Lab 3: Regression - OLD
Objectives
By the end of this tutorial you should be able to complete the following tasks in Stata:
Estimate a simple (two-variable) linear regression in levels
Identify $\hat{\beta_0}$, $\hat{\beta_1}$ standard errors, $SST$, $SSE$, $SSR$, and $R^2$ in Stata output and interpret them
Create scatter plots
Estimate a multivariate linear regression
Key commands
| command | description |
|---|---|
regress var1 var2... | Estimate a regression, with |
var1 as the dependent variable and all others as the independent | |
| variable(s) | |
correlate var1 var2 ... | Calculate correlation coefficients of all listed variables. |
graph twoway scatter var1 var2 | make a scatter plot with var1 on the y-axis and var2 on the x-axis. |
predict newvar, xb | Use estimated regression coefficients to predict $\widehat{y}$. It will generate newvar, where $\widehat{newvar_i} = \widehat{y_i} = \widehat{\beta_0} + \widehat{\beta_1}x_i$ |
predict newvar, residuals | Use estimated regression coefficients to predict residuals. It will generate newvar, where $\widehat{newvar_i} = u_i = y_i - \widehat{\beta_0} + \widehat{\beta_1}x_i$ |
Lab 3 Worksheet
Today we’re going to work with a different data set,
ceosal2_clean.dta, which contains information on CEO pay and some
characteristics of the CEOs and their firms. It is an old data set
Start a new do-file. Within the do-file, add the commands to begin a new log and close it. Remember to put your commands in between these two lines of code!
Open
ceosal2_clean.dta. What is mean CEO salary? What is mean CEO compensation?Write out a population model to determine the relationship between CEO tenure and salary. Which is your dependent variable?

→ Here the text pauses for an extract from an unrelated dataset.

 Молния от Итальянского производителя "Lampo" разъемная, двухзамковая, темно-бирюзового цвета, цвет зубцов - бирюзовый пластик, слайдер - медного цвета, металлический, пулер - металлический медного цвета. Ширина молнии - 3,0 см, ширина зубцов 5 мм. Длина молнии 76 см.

Which is your independent variable?
Make a scatter plot of the relationship between CEO tenure and compensation (Include this in your submitted problem set). Report the associated correlation coefficient.

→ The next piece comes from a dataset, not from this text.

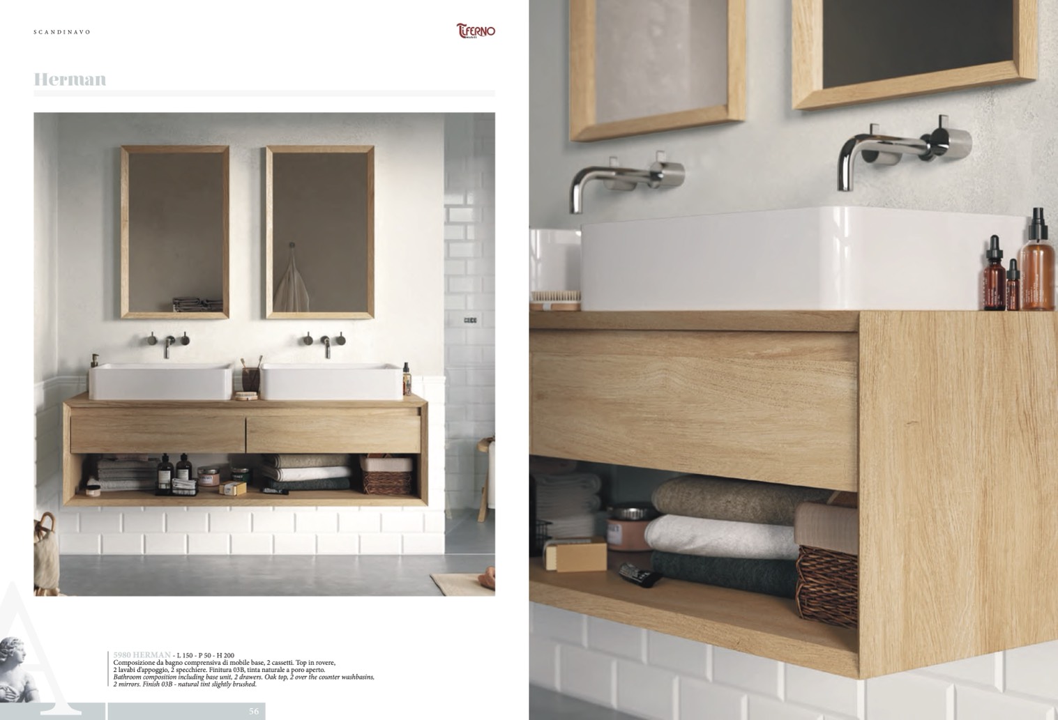 2 lavabi d’appoggio, 2 specchiere. Finitura 03B, tinta naturale a poro aperto.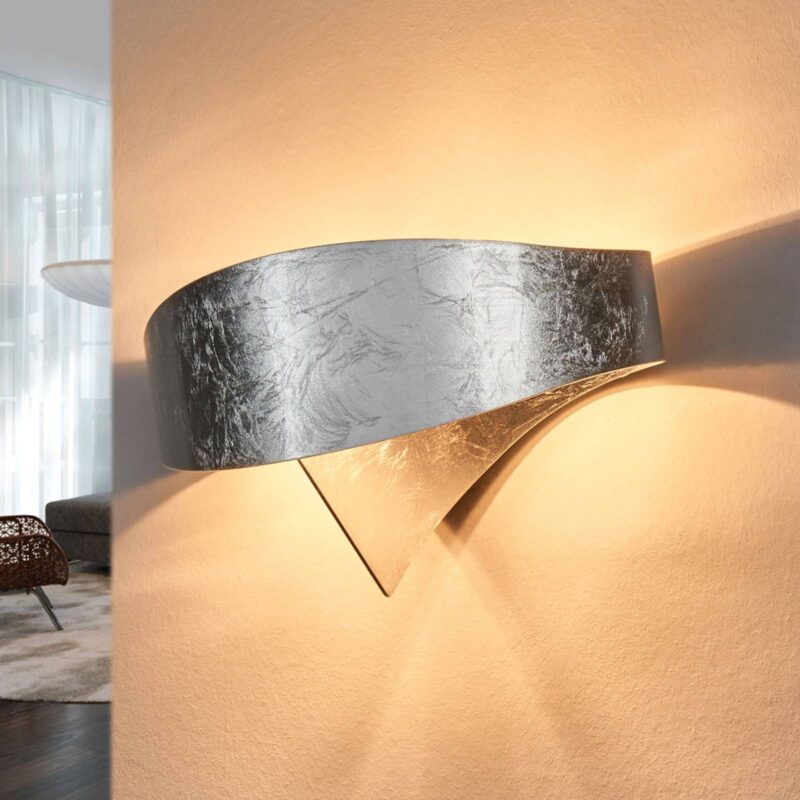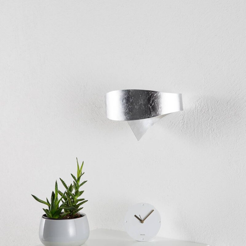 Nástenné svietidlo Scudo: ručne vyrobený dizajnový objekt Nielen zložitý výrobný proces, ale aj jeho výrazný dizajn robia z nástenného svietidla Scudo niečo výnimočné. Laserom sa vyreže vhodný pás ocele, ktorý sa potom ručne ohne do neobvyklého tvaru. Okrem toho je zakrivené svietidlo potiahnuté strieborným plátkom, aby sa ešte viac zvýraznil jeho vzhľad. Výsledkom je fascinujúci svetelný objekt, ktorý nemá konkurenciu.

Estimate the relationship between $X$ and $Y$ using simple linear regression. Write the estimated equation and fill in the chart below with your estimates.
| Variable | Estimate | Variable | Estimate |
|---|---|---|---|
| $\hat{\beta_0}$ | $\hat{\beta_1}$ | ||
| $R^2$ | $TSS$ | ||
| $ESS$ | $SSR$ | ||
| d.f. | $SER$ |
Generate a new variable,
predict_salequal to the predicted salary. Generate a second variable,resid_salequal to the residual.What is the mean of each variable? How does the mean predicted salary compare to mean salary overall in your sample?
Predict salary for the largest firm (by market value) in your sample. What is its residual?
When we estimate a linear regression with no coefficients, sometimes we’ll say we are “regressing on a constant.” Regress CEO salary only on a constant. What is $\hat{\beta_0}$, and how does it compare to overall mean salary? Why might these be so close?\
For our estimates of $\beta_0$ and $\beta_1$ to be unbiased, it must be the case that $E[u_i|x] = 0$ (among other assumptions). What possible factors might make the relationship between salary and tenure biased?
One way to address the potential bias of omitted factors is to include them in your regression. Estimate your previous regression from question 3, but also include sales and market value in your model.
Population model:
Estimated results (equation form):
Comparing your results with your earlier model, was your first estimate of $\hat{\beta_1}$ likely to be biased? Explain.